Temperature-dependent properties of silver-poly(methylmethacrylate) nanocomposites synthesized by in-situ technique
© Singho et al.; licensee Springer. 2014
Received: 5 August 2013
Accepted: 3 January 2014
Published: 22 January 2014
Ag/PMMA nanocomposites were successfully synthesized by in-situ technique. Transmission electron microscopy (TEM) images show that the particles are spherical in shape and their sizes are dependent on temperature. The smallest particle achieved high stability as indicated from Zeta sizer analysis. The red shift of surface plasmon resonance (SPR) indicated the increases of particle sizes. X-ray diffraction (XRD) patterns exhibit a two-phase (crystalline and amorphous) structure of Ag/PMMA nanocomposites. The complexation of Ag/PMMA nanocomposites was confirmed using Raman spectroscopy. Fourier transform infrared spectroscopy spectra confirmed that the bonding was dominantly influenced by the PMMA and DMF solution. Finally, thermogravimetric analysis (TGA) results indicate that the total weight loss increases as the temperature increases.
Metal nanocomposites have attracted much attention due to their distinctive chemical and physical properties [1, 2]. The properties of metal nanocomposites depend on the type of incorporated nanoparticles, their size and shape, their concentration, temperature, and interaction with polymer matrix. Silver (Ag) has been widely studied since it is more reactive than gold. However, appropriately stabilized Ag undergoes fast oxidation and easily aggregate in a solution. Among polymeric materials, poly(methyl methacrylate) (PMMA) was recognized as a polymeric glass with a wide range of applications. PMMA offers twofold advantages such as availability to carboxylate functional group for a chemical bonding with the metal ions and high solubility of PMMA in solvent-like dimethylformamide (DMF) for silver nitrate reduction. Therefore, Ag/PMMA nanocomposites are expected to be a hot spot area for its superior properties.
Earlier work on the synthesis of Ag/PMMA nanocomposites utilized sodium salt of acrylic acid via radiolysis method [3, 4]. Deng et al.  has prepared Ag/PMMA nanocomposites by using PMMA and DMF via in-situ technique. They observed that the behavior of linear and nonlinear optical properties were different compared to the pure PMMA film. The main problem in polymer nanocomposites is to avoid the particles from aggregation. However, this problem can be solved by surface modification of the particles. This will improve the interfacial interaction between the metal particles and the polymer matrix.
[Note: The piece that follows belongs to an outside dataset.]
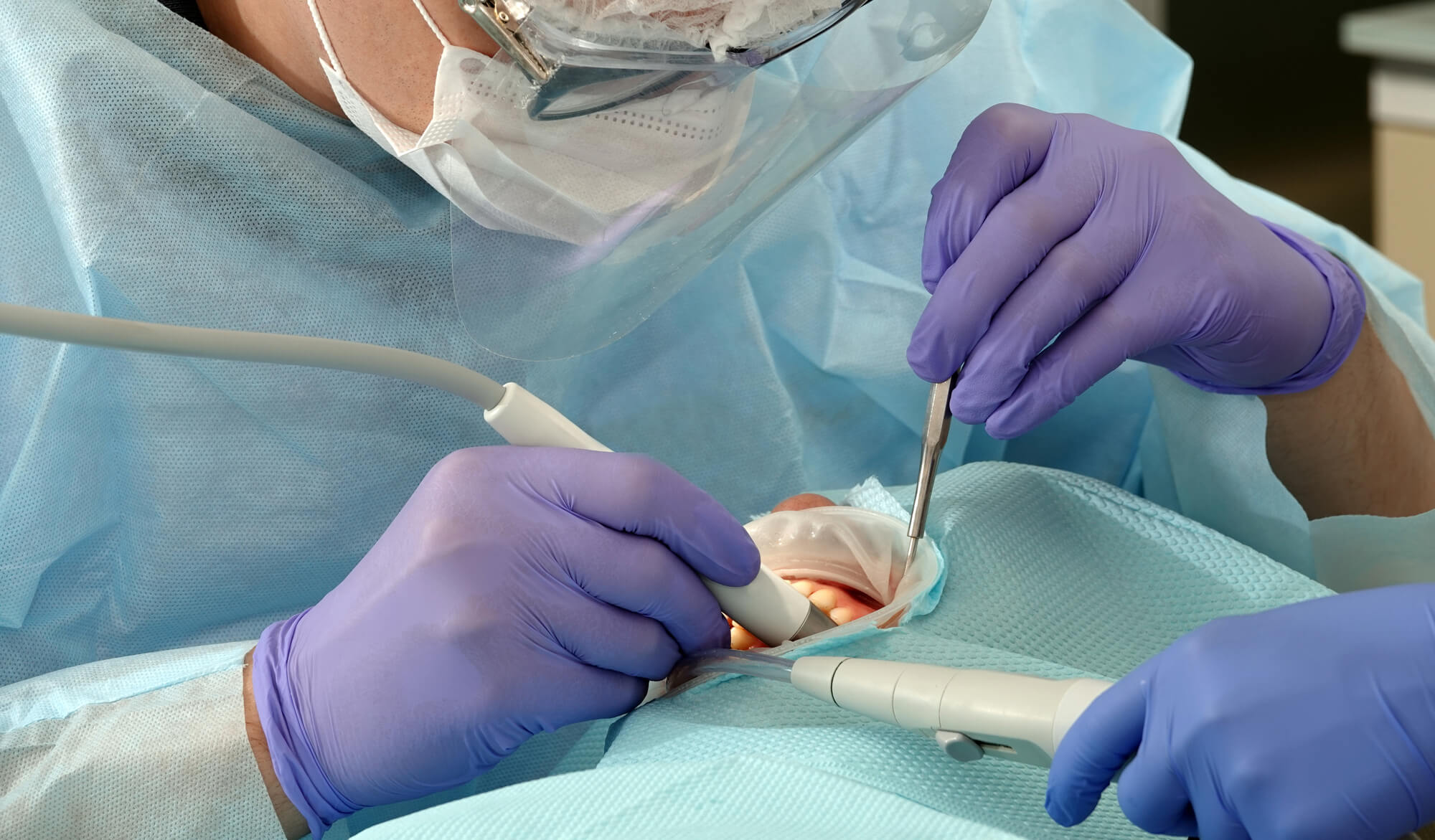 ソケットリフトでは歯茎を切開し、ドリルで骨に穴を開ける外科手術を要するため、まず初めに必ず局部麻酔を行います。

In this paper, we used a simple procedure for the preparation of Ag/PMMA nanocomposites. In the first step, Ag nanoparticles were synthesized in water using the chemical reduction method [6–8]. This technique offers a systematic, efficient, and simple procedure for synthesis of Ag nanoparticles without decreasing the production rate. In the second step, Ag nanoparticles were mechanically mixed with PMMA dissolved in DMF to form nanocomposites at different temperatures. The temperature-dependent properties of nanocomposites were investigated by various techniques and their preparations of nanocomposites were discussed.
Silver nitrate, AgNO3 (Thermo Fisher Scientific, Waltham, MA, USA) was selected as source of silver. Polyethylene glycol (PEG, MW 8000 in monomer units; Acros organics, Morris Plains, NJ, USA) was used as reducing agent. Daxad 19 (sodium salt of polynaphthalene sulfonate formaldehyde condensate, MW 8000; Canamara United Supply Company, Edmonton, AB, Canada) was used as stabilizer. N′N-dimethylformamide (DMF) (R & M Marketing, Essex, UK) used as solvent while PMMA (Acros Organics) as matrix. Four grams of AgNO3 was dissolved and stirred for 1 h in a mixture comprising of 100 mL distilled water, 4.5 g of PEG, and 5 g of Daxad 19 at 80°C. It was observed that the light brown solution transformed into a grey-black color, which indicates the formation of silver nanoparticles. The solution was then centrifuged at a maximum speed of 15,000 rpm, and washed with distilled water for several times . Then, 10 g of PMMA was dissolved in 50 mL of DMF and mixed with 5 mL of silver nanoparticle solution at 80°C. The mixture was stirred for 1 h. This procedure was then repeated at 100°C and 120°C .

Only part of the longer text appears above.